**Exercise objective**
Beginning at the line with "Beim Gesamtbudget für" in the records below, return each line up to and including the last, exactly as it stands, but not the pictures.

=== Provided material ===

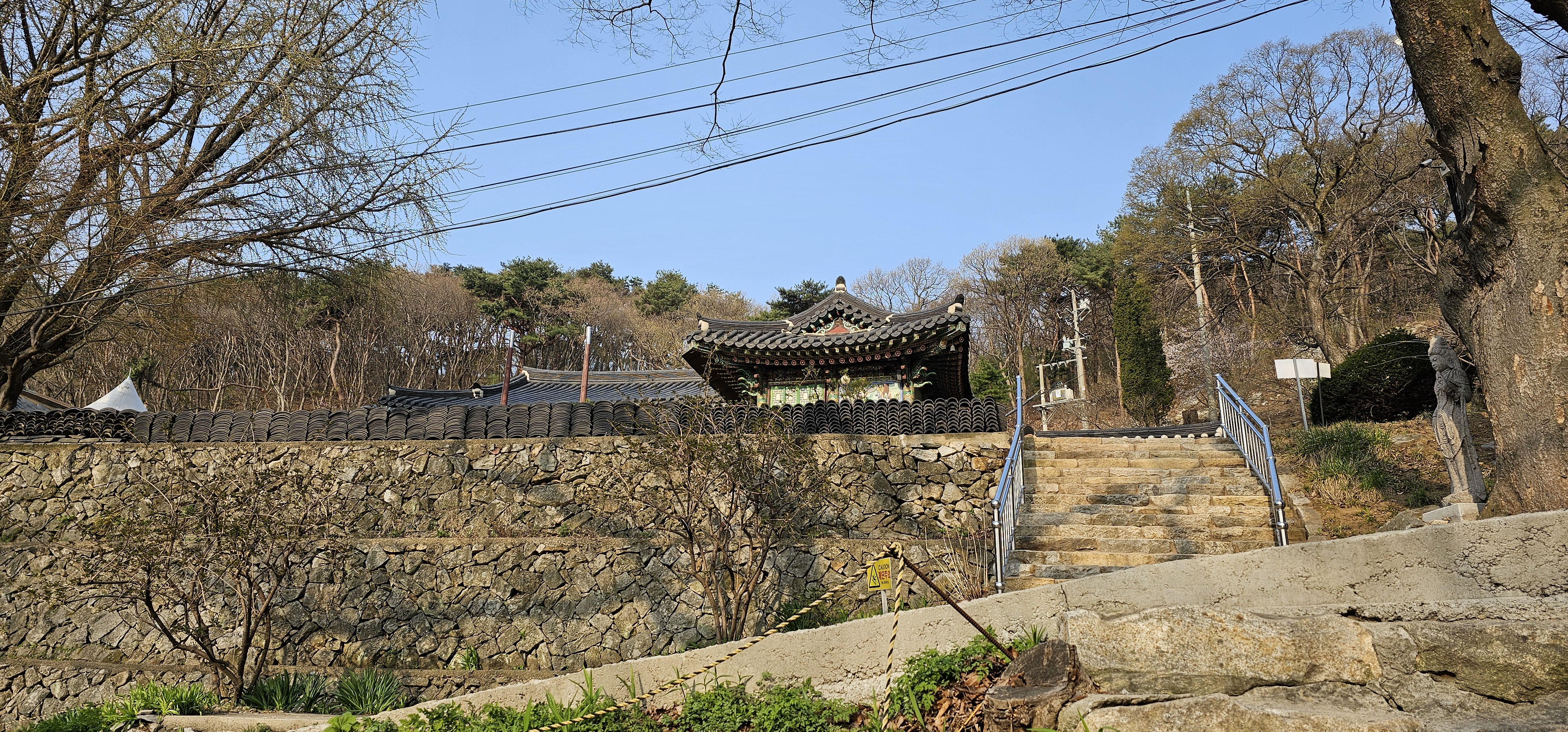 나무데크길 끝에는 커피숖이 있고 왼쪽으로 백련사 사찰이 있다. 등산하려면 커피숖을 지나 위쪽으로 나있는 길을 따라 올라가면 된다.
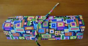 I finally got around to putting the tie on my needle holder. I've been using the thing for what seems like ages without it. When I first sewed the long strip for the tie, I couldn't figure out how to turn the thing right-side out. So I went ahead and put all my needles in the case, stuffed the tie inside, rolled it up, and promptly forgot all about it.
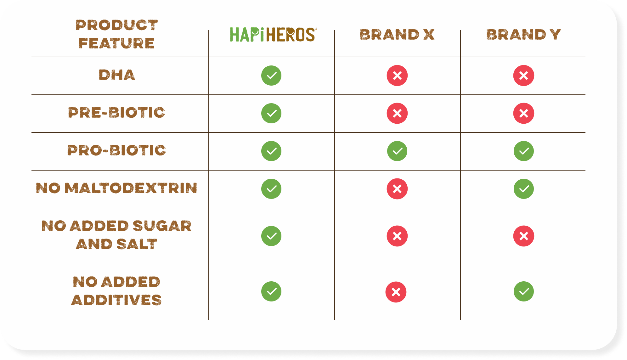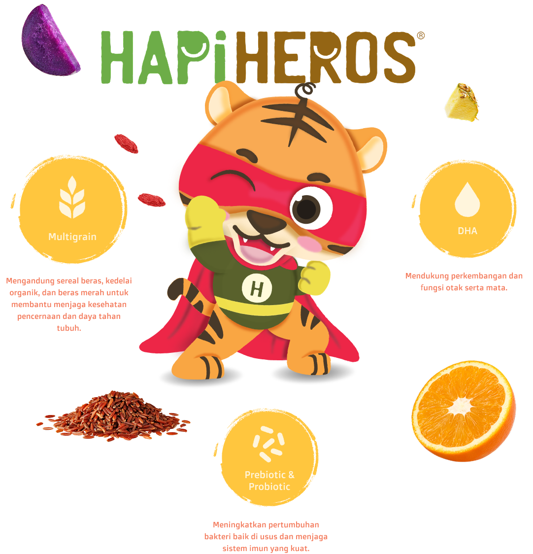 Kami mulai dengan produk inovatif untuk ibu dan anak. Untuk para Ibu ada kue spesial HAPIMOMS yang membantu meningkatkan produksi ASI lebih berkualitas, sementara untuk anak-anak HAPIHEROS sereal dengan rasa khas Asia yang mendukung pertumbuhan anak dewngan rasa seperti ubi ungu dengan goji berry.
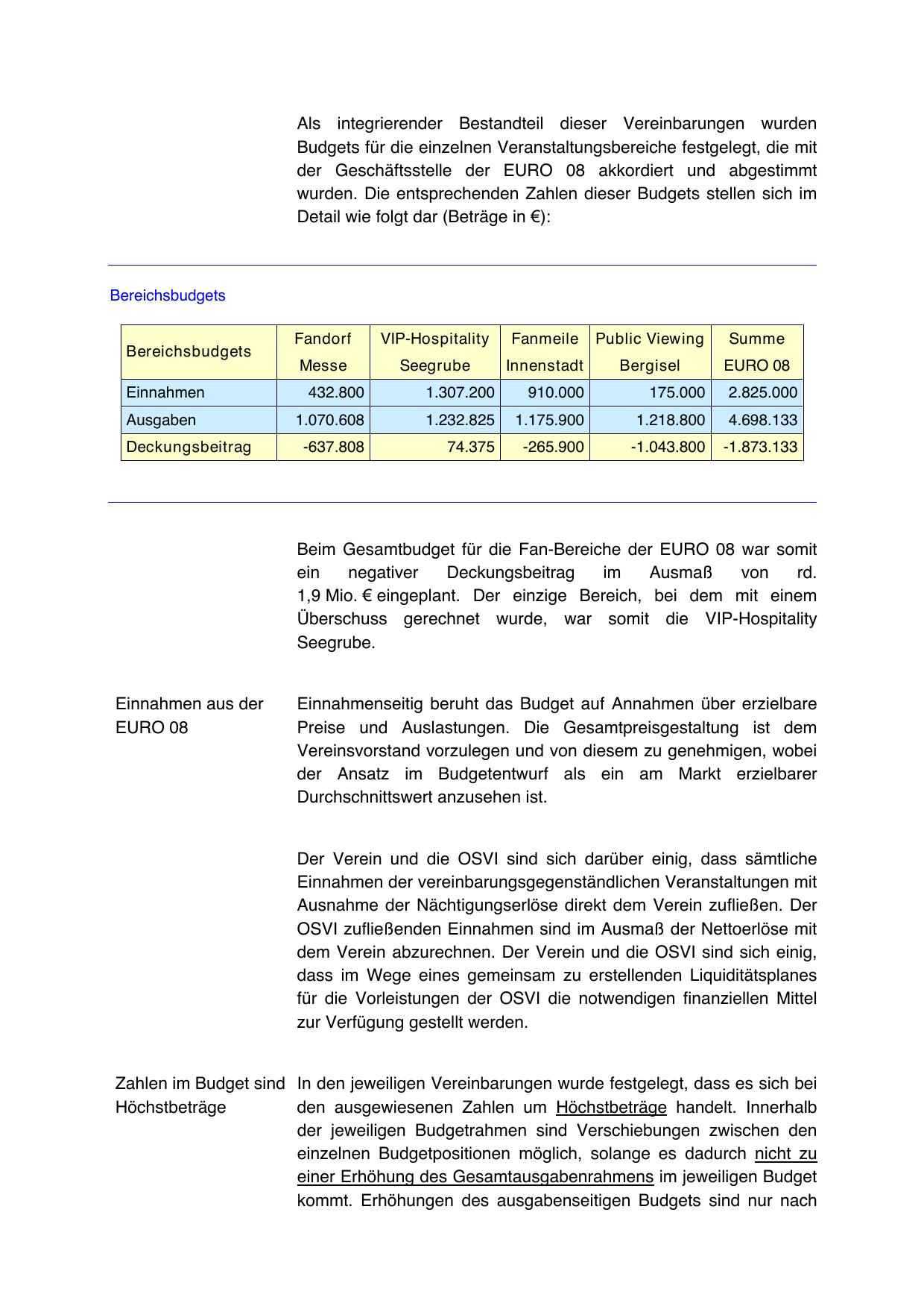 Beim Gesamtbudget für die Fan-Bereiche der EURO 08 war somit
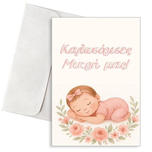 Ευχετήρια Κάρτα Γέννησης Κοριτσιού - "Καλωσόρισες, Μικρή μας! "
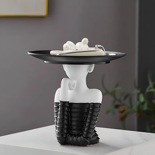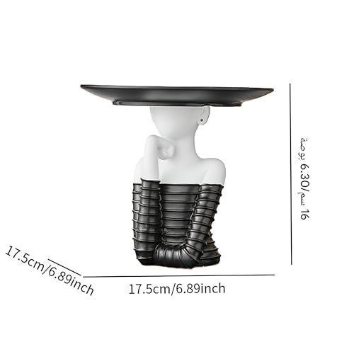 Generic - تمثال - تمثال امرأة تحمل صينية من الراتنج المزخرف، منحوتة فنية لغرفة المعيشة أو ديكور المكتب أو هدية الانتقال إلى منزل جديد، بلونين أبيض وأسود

===

**Expected answer**
 Beim Gesamtbudget für die Fan-Bereiche der EURO 08 war somit
 Ευχετήρια Κάρτα Γέννησης Κοριτσιού - "Καλωσόρισες, Μικρή μας! "
 Generic - تمثال - تمثال امرأة تحمل صينية من الراتنج المزخرف، منحوتة فنية لغرفة المعيشة أو ديكور المكتب أو هدية الانتقال إلى منزل جديد، بلونين أبيض وأسود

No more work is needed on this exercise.